Objectives:  To assess the prevalence in children with sickle cell disease of low bone mineral density (BMD), a feature found in up to 82% of adults but not well known in children.

Methods:  In 53 children (45 SS, 4 SC, 4 Sβ-thalassemia) with a mean age of 12.8 ± 2.4 years, we assessed height; weight; sexual maturation; number of hospitalizations, painful crises, and transfusions in the last 3 years; calcium intake; steady-state hemoglobin and leukocyte count; calcaemia, phosphataemia, and calciuria/creatinuria; serum 25-(OH)D and PTH concentrations; and osteocalcin, urinary deoxypyridinoline, and the C-terminal component of pro-collagen type I. BMD was assessed using dual X-ray absorptiometry.

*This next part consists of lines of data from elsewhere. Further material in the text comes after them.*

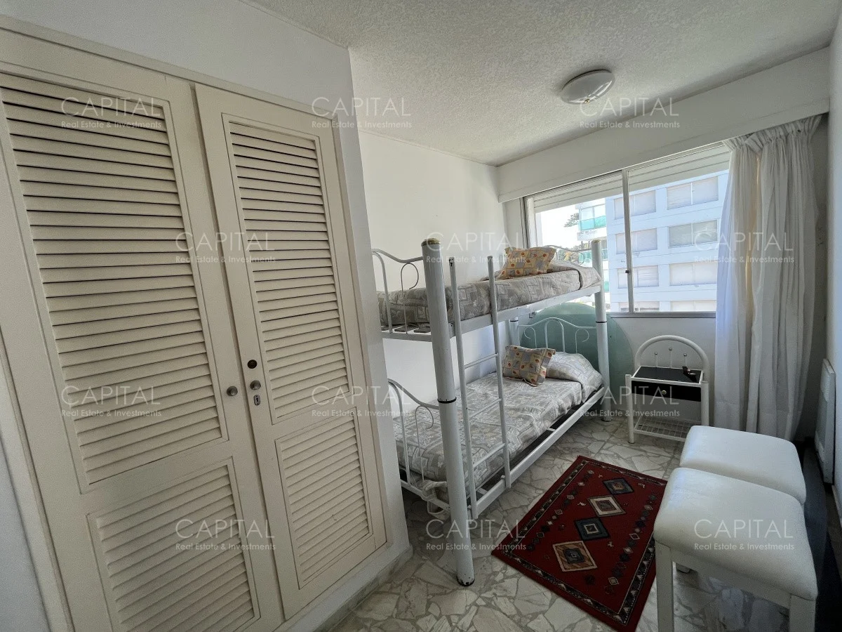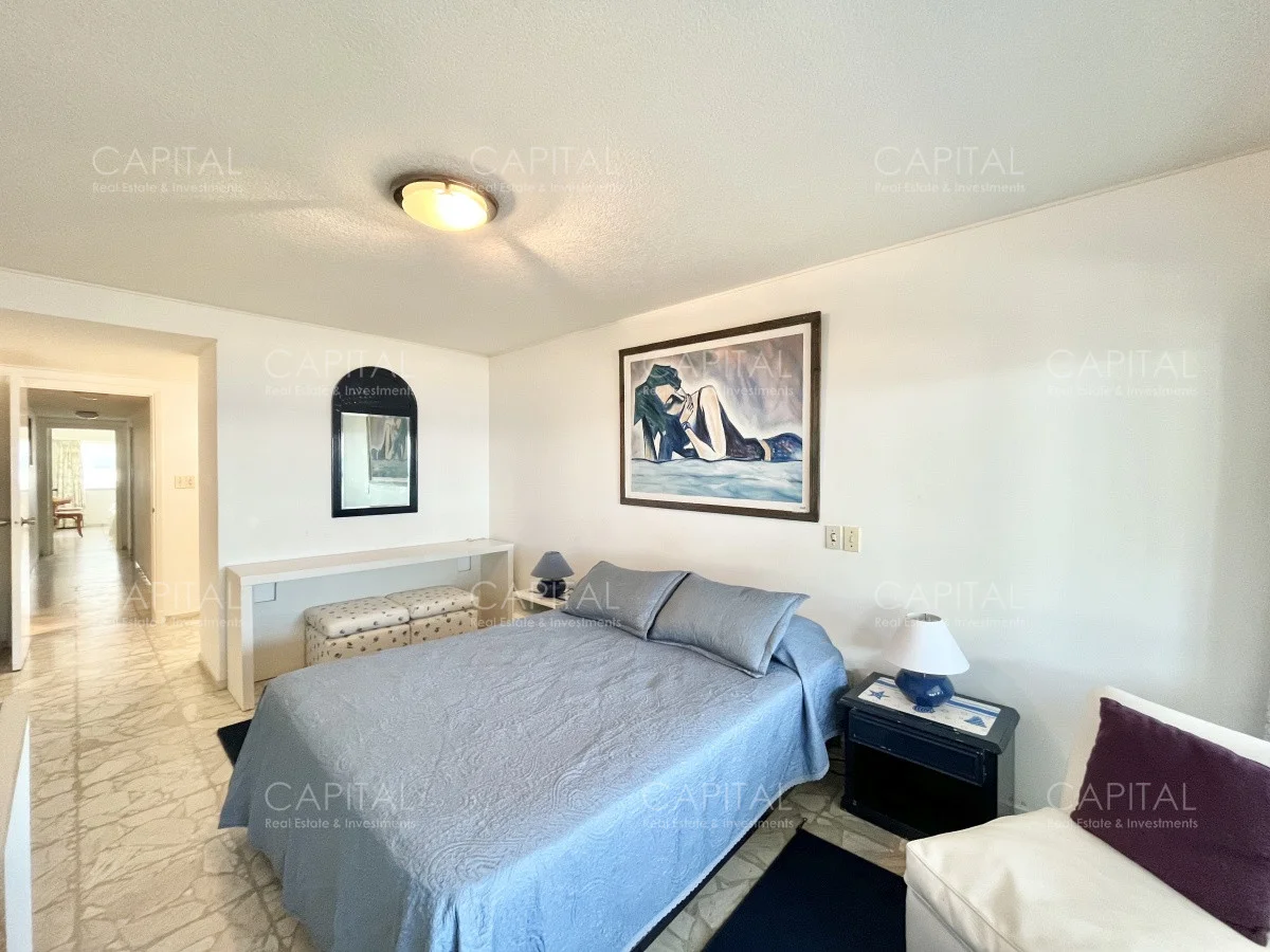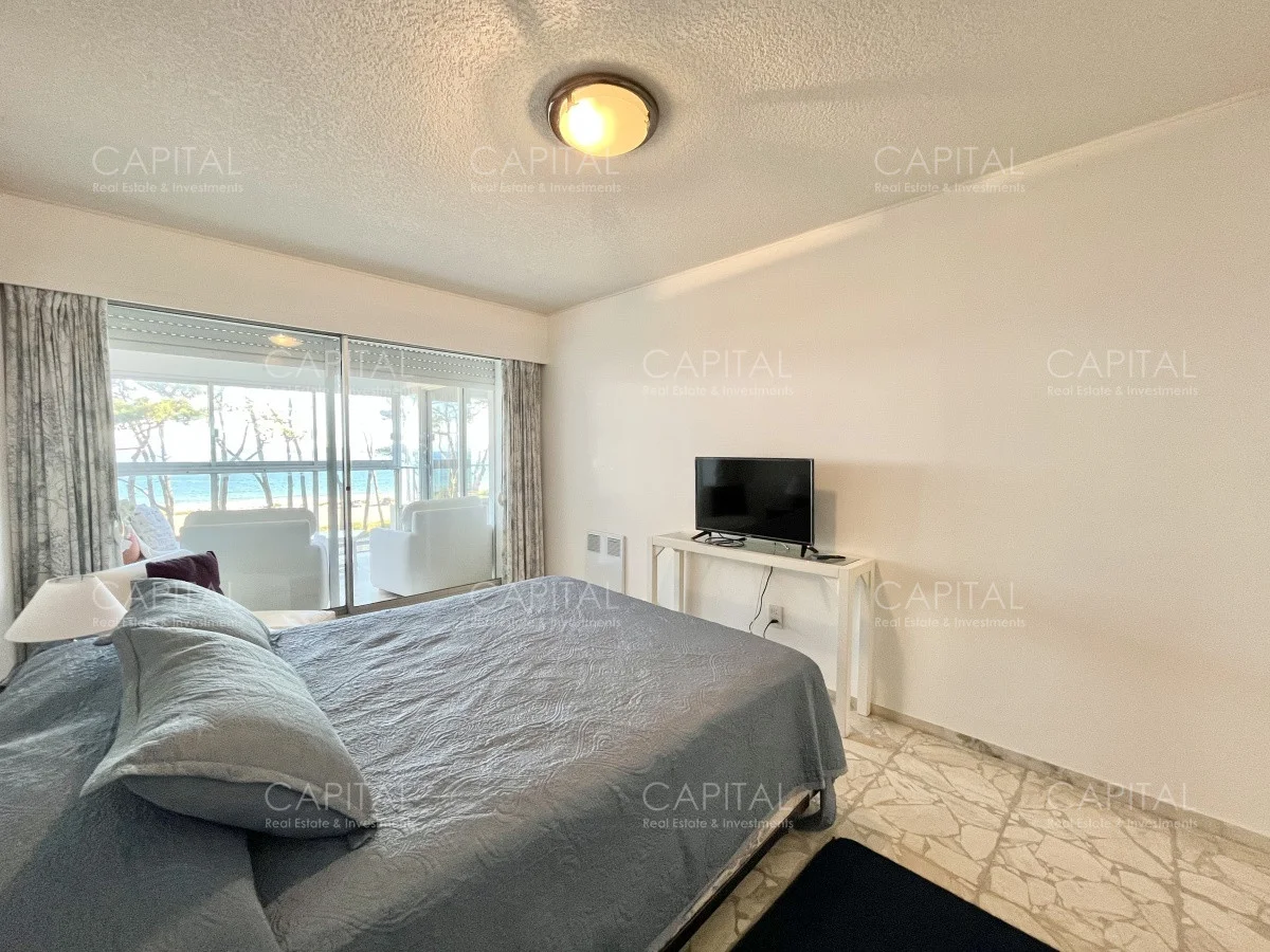 Apartamento en Venta primera linea Playa Mansa. Cuenta con 2 dormitorios, 3 baños, dependencia de servicio con linda decoración la cual puede ser utilizada como un tercer dormitorio. Amplio living- comedor con excelente vista al mar. Cocina Bien Equipada equipada. Linda terraza para el disfrute de los atardeceres de Punta del Este. Garaje Ss de Mucama Seguridad 24 hrs Ss de Playa Referencia Interna : Tera-34542
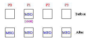 for(i=0; i {  MPI_Send(…); }  for(i=0; i {  MPI_Recv(…);  }  Если запустить эти процессы, мы получим тупик, так как процессы зайдут в функцию MPI_Send() и будут ждать ее завершения. А для ее завершения необходимо выполнение функции MPI_Recv, которая никогда не выполнится.  Чтобы избежать взаимной блокировки можно выполнить взаимный обмен данными между процессами, используя совмещенную операцию MPI_Sendrecv.  int MPI_Sendrecv(void *sbuf, int scount, MPI_Datatype stype, int dest, int stag, void *rbuf, int count, MPI_Datatype rtype, int source, int rtag, MPI_Comm comm, MPI_Status *status), где  sbuf, scount, stype, dest, stag — параметры передаваемого сообщения;  rbuf, rcount, rtype, source, rtag — параметры принимаемого сообщения;  comm — коммуникатор, в рамках которого выполняется передача данных;  status — структура данных с информацией о результате выполнения операции.  Тогда каждый процесс будет содержать следующий код:  for(i=0; i {  MPI_Sendrecv(…);  }  ------------------------------------------------------------------------  4. Пример использования MPI_Waitall, MPI_Waitany  Процедура MPI_Waitall:  int MPI_Waitall(int count, MPI_Request *requests, MPI_Status *statuses), где  – count - число идентификаторов;  – requests - массив идентификаторов асинхронного приема или передачи;  – OUT statuses - параметры сообщений.  Выполнение процесса блокируется до тех пор, пока все операции обмена, ассоциированные с указанными идентификаторами, не будут завершены. Если во время одной или нескольких операций обмена возникли ошибки, то поле ошибки в элементах массива statuses будет установлено в соответствующее значение.  Пример. Сеть из 4 узлов с круговой топологией. Каждый узел посылает двум соседям сообщения и ждет ответа от них. Работа каждого узла не завершится до тех пор, пока все 4 операции не будут выполнены.  # include   # include   int main(int argc, char** argv) {  int numtasks, rank, next, prev, buf[2], tag1 = 1, tag2 = 2;  MPI_Request reqs[4];  MPI_Status stats[4];   MPI_Init(&argc,&argv);  MPI_Comm_size(MPI_COMM_WORLD, &numtasks);  MPI_Comm_rank(MPI_COMM_WORLD, &rank);   prev = rank - 1;  next = rank + 1;  if (rank == 0) prev = numtasks - 1;  if (rank == (numtasks - 1)) next = 0;   MPI_Irecv(&buf[0], 1, MPI_INT, prev, tag1, MPI_COMM_WORLD, &reqs[0]);  MPI_Irecv(&buf[1], 1, MPI_INT, next, tag2, MPI_COMM_WORLD, &reqs[1]);  MPI_Isend(&rank, 1, MPI_INT, prev, tag2, MPI_COMM_WORLD, &reqs[2]);  MPI_Isend(&rank, 1, MPI_INT, next, tag1, MPI_COMM_WORLD, &reqs[3]);  MPI_Waitall(4, reqs, stats);  printf("Node %d: all ok!\n", rank);  MPI_Finalize();  }  Результат выполнения программы на 4 процессах: Node 1: all ok! Node 3: all ok!  Node 2: all ok!  Node 0: all ok!  Процедура MPI_Waitany:  int MPI_Waitany(int count, MPI_Request *requests, int *index, MPI_Status *status), где  – count - число идентификаторов;  – requests - массив идентификаторов асинхронного приема или передачи;  – OUT index - номер завершенной операции обмена;  – OUT status - параметры сообщений.  Выполнение процесса блокируется до тех пор, пока какая-либо операция обмена, ассоциированная с указанными идентификаторами, не будет завершена. Если несколько операций могут быть завершены, то случайным образом выбирается одна из них. Параметр index содержит номер элемента в массиве requests, содержащего идентификатор завершенной операции.  Пример. Изменим предыдущий пример используя функцию MPI_Waitany вместо MPI_Waitall.  # include   # include   int main(int argc, char** argv) {  int numtasks, rank, next, prev, buf[2], tag1 = 1, tag2 = 2;  int *i;  MPI_Request reqs[4];  MPI_Status stats[4];   MPI_Init(&argc,&argv);  MPI_Comm_size(MPI_COMM_WORLD, &numtasks);  MPI_Comm_rank(MPI_COMM_WORLD, &rank);   prev = rank - 1;  next = rank + 1;  if (rank == 0) prev = numtasks - 1;  if (rank == (numtasks - 1)) next = 0;   MPI_Irecv(&buf[0], 1, MPI_INT, prev, tag1, MPI_COMM_WORLD, &reqs[0]);  MPI_Irecv(&buf[1], 1, MPI_INT, next, tag2, MPI_COMM_WORLD, &reqs[1]);  MPI_Isend(&rank, 1, MPI_INT, prev, tag2, MPI_COMM_WORLD, &reqs[2]);  MPI_Isend(&rank, 1, MPI_INT, next, tag1, MPI_COMM_WORLD, &reqs[3]);  MPI_Waitany(4, reqs, &i, stats);  printf("Node %d: all ok!\n", rank);  MPI_Finalize();  }  Результат выполнения программы на 4 процессах: Node 1: all ok! Node 3: all ok! Node 2: all ok! Node 0: all ok!  --------------------------------------------------  5. Пример использования MPI_Bcast  Broadcast - п
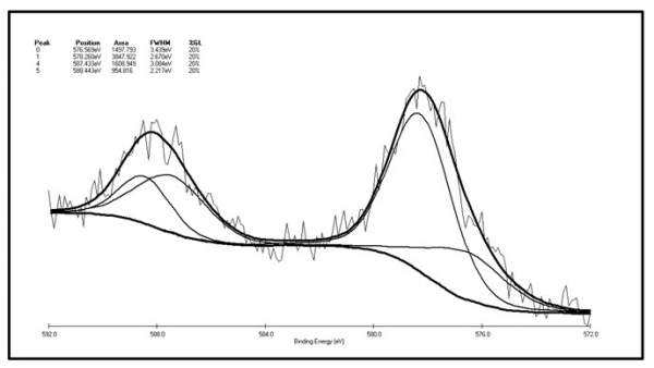 可能是Cr2p3/2峰,你看下吧 578.1 Cr2p3/2 Cr2O3 in alloy 33 after sputtering the passive film 578.1 Cr2p3/2 Cr2O3 in alloy 24 after sputtering the passive film 578.2 Cr2p3/2 Cr et Cr(III) dans Cr2O3 ou Cr(III) dans Cr(OH)3 578.2 Cr2p3/2 Cr Ox in 316 L alloy dipped in physiological serum 578.2 Cr2p3/2 Cr Ox in 316 L pot anod (5V for 5 min) in physio serum 578.5 Cr2p3/2 Cr-Cl with a sample immersed in a room t° solution |
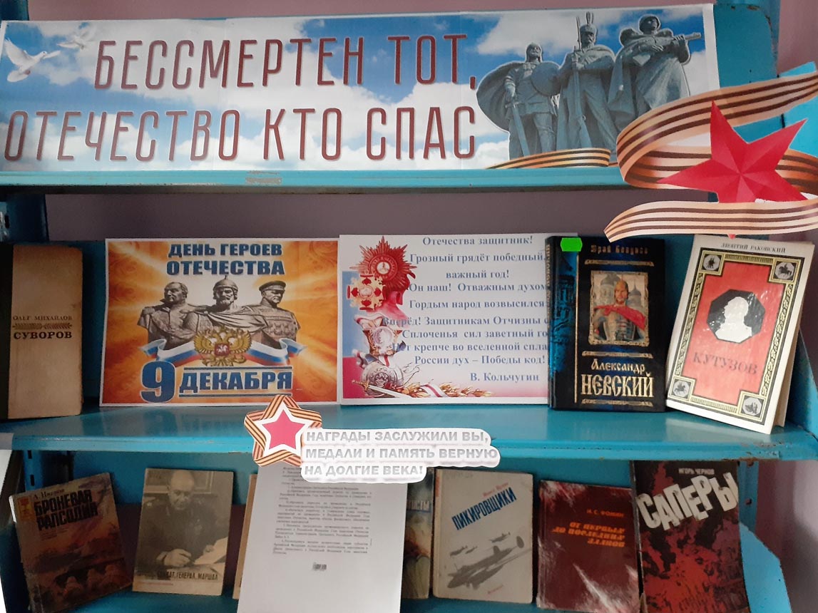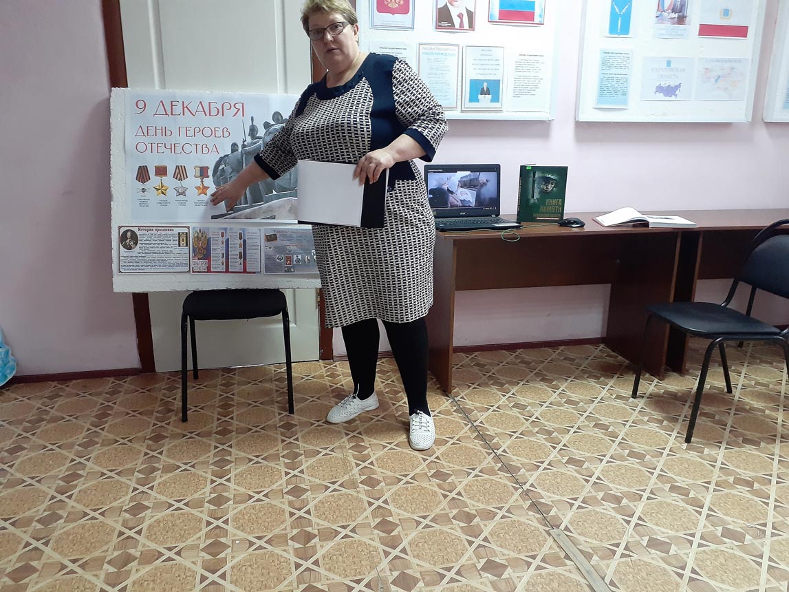 9 декабря в России отмечается памятная дата – День Героев Отечества. Этот день посвящен всем тем людям, которые заслуженно зовутся Героями, чья сила духа, честь, доблесть стали примером проявления наивысших нравственных человеческих качеств и ответственности перед Отечеством. Эта памятная дата была утверждена Федеральным законом от 28 февраля 2007 года «О внесении изменений в Федеральный закон «О днях воинской славы и памятных датах России». В преддверии дня Героев Отечества в Шило-Голицынской сельской библиотеке МУК «РМЦБ» прошел час памяти «Отечества достойные сыны» для активных пользователей библиотеки.
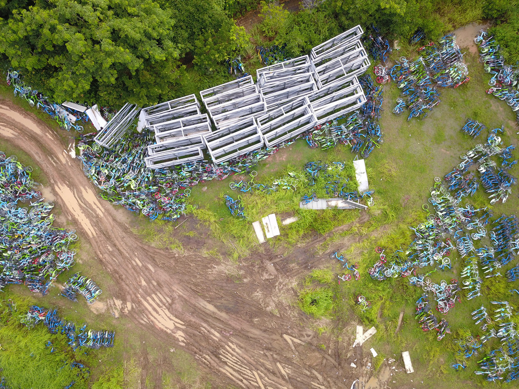 從高空中能夠看到,堆放的單車大多為目前無法正常運營的酷騎、小藍單車
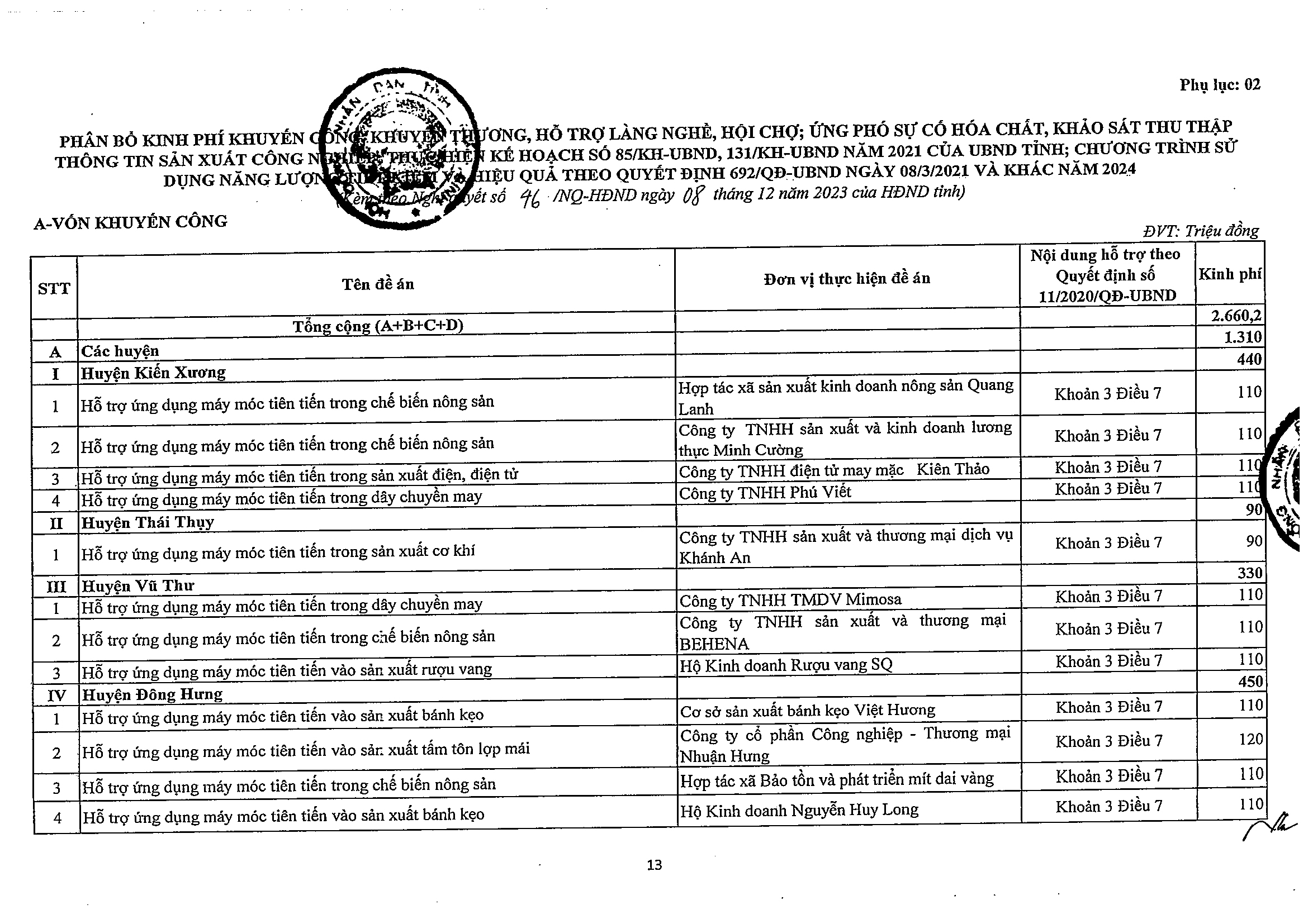 - Khởi công dự án đầu tư xây dựng sân golf Cồn Vành và dự án đầu tư xây dựng khu bến cảng hàng lỏng Ba Lạt

Results:  Mean lumbar spine Z-score was −1.1 ± 1.3 (−3.9 to +1.8). The Z score was significantly lower in girls than in boys in the prepubertal subgroup (−1.74 ± 0.27 vs. −0.53 ± 0.31) (= 0.0169), but not in the pubertal group (−1.15 ± 0.41 vs. −1.33 ± 0.70). BMD was not associated with any of the disease-severity markers in girls but was unexpectedly associated with fewer vaso-occlusive crises and hospitalizations in boys. BMD did not correlate with hemoglobin or leukocyte counts. Vitamin D deficiency [25-(OH)D < 12 ng/mL] was found in 76% of patients and secondary hyperparathyroidism (PTH > 46 pg/mL) in 38%. BMD was not related to calcium intake, vitamin D status, osteocalcin, or bone resorption markers.

Conclusion:  A slight BMD decrease was found in SCD children, starting before puberty and being more marked in females. The decrease was unrelated to disease severity, vitamin D deficiency, or bone hyperresorption, suggesting abnormal bone formation as the underlying mechanism.